Task details>
Leave out the images and repeat every entry below exactly.

Records shown>
☆ ☆ ☆ ☆ ☆
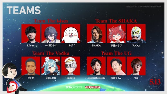 GANYMEDE株式会社(本社:東京都港区、代表取締役:西原 大輔)が運営するプロeスポーツチーム「ZETA DIVISION」に所属するストリーマー・k4sen(かせん)は、2025年5月13日(火)20時より、オンラインイベント『GeoGuessr The k4sen Supported by GeoGuessr』を開催いたします。
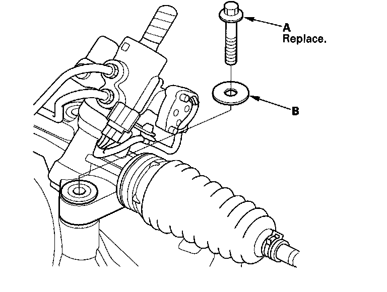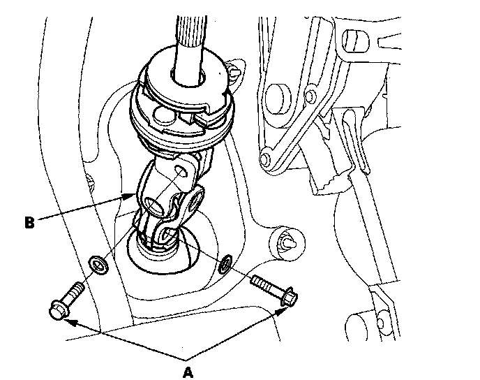 8. Remove the steering joint bolts (A), then disconnect the steering joint (B) from the pinion shaft and the steering column shaft.
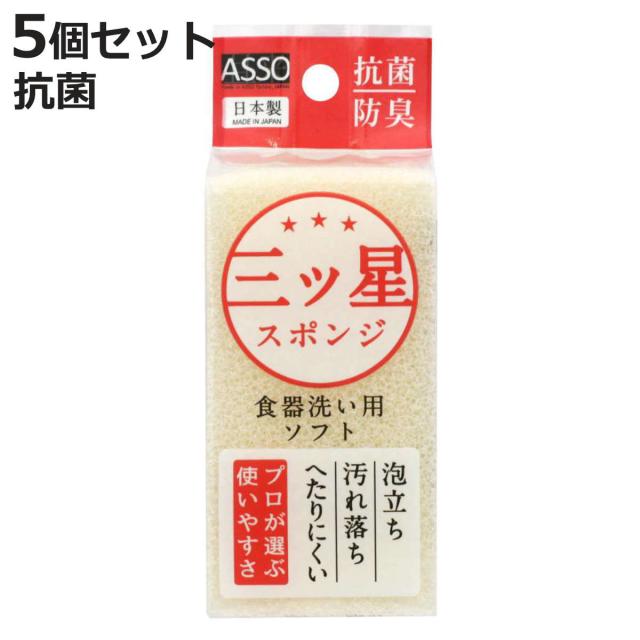キッチンスポンジ ASSO 三ツ星スポンジ 食器洗い用 ソフトホワイト 5個セット ( スポンジ 抗菌 防臭 キッチンクリーナー 日本製 食器洗い 長持ち 丈夫 食器用スポンジ 食器用 お皿 コップ クリーナー 食器スポンジ 耐久性 速乾 )
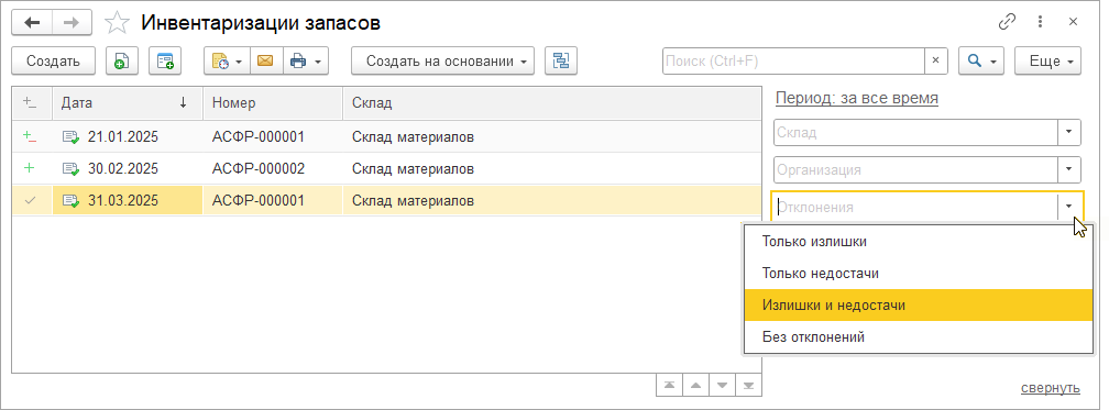 Также к списку документов добавлена правая панель с фильтрами. С ее помощью можно отобрать документы одного склада, организации или быстро найти документы, в которых выявлены отклонения.
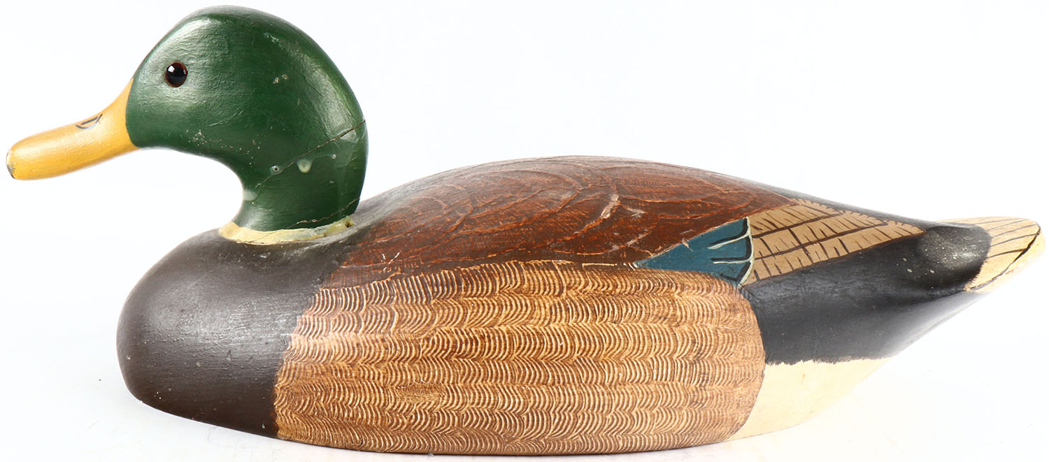 Mallard Drake by unknown maker, glass eyes, solid wood, original paint with comb painting, structurally excellent. Grade: Excellent ++ - Value: 50 to 100
☆ ☆ ☆ ☆ ☆
Solution for this problem>
 GANYMEDE株式会社(本社:東京都港区、代表取締役:西原 大輔)が運営するプロeスポーツチーム「ZETA DIVISION」に所属するストリーマー・k4sen(かせん)は、2025年5月13日(火)20時より、オンラインイベント『GeoGuessr The k4sen Supported by GeoGuessr』を開催いたします。
 8. Remove the steering joint bolts (A), then disconnect the steering joint (B) from the pinion shaft and the steering column shaft.
キッチンスポンジ ASSO 三ツ星スポンジ 食器洗い用 ソフトホワイト 5個セット ( スポンジ 抗菌 防臭 キッチンクリーナー 日本製 食器洗い 長持ち 丈夫 食器用スポンジ 食器用 お皿 コップ クリーナー 食器スポンジ 耐久性 速乾 )
 Также к списку документов добавлена правая панель с фильтрами. С ее помощью можно отобрать документы одного склада, организации или быстро найти документы, в которых выявлены отклонения.
 Mallard Drake by unknown maker, glass eyes, solid wood, original paint with comb painting, structurally excellent. Grade: Excellent ++ - Value: 50 to 100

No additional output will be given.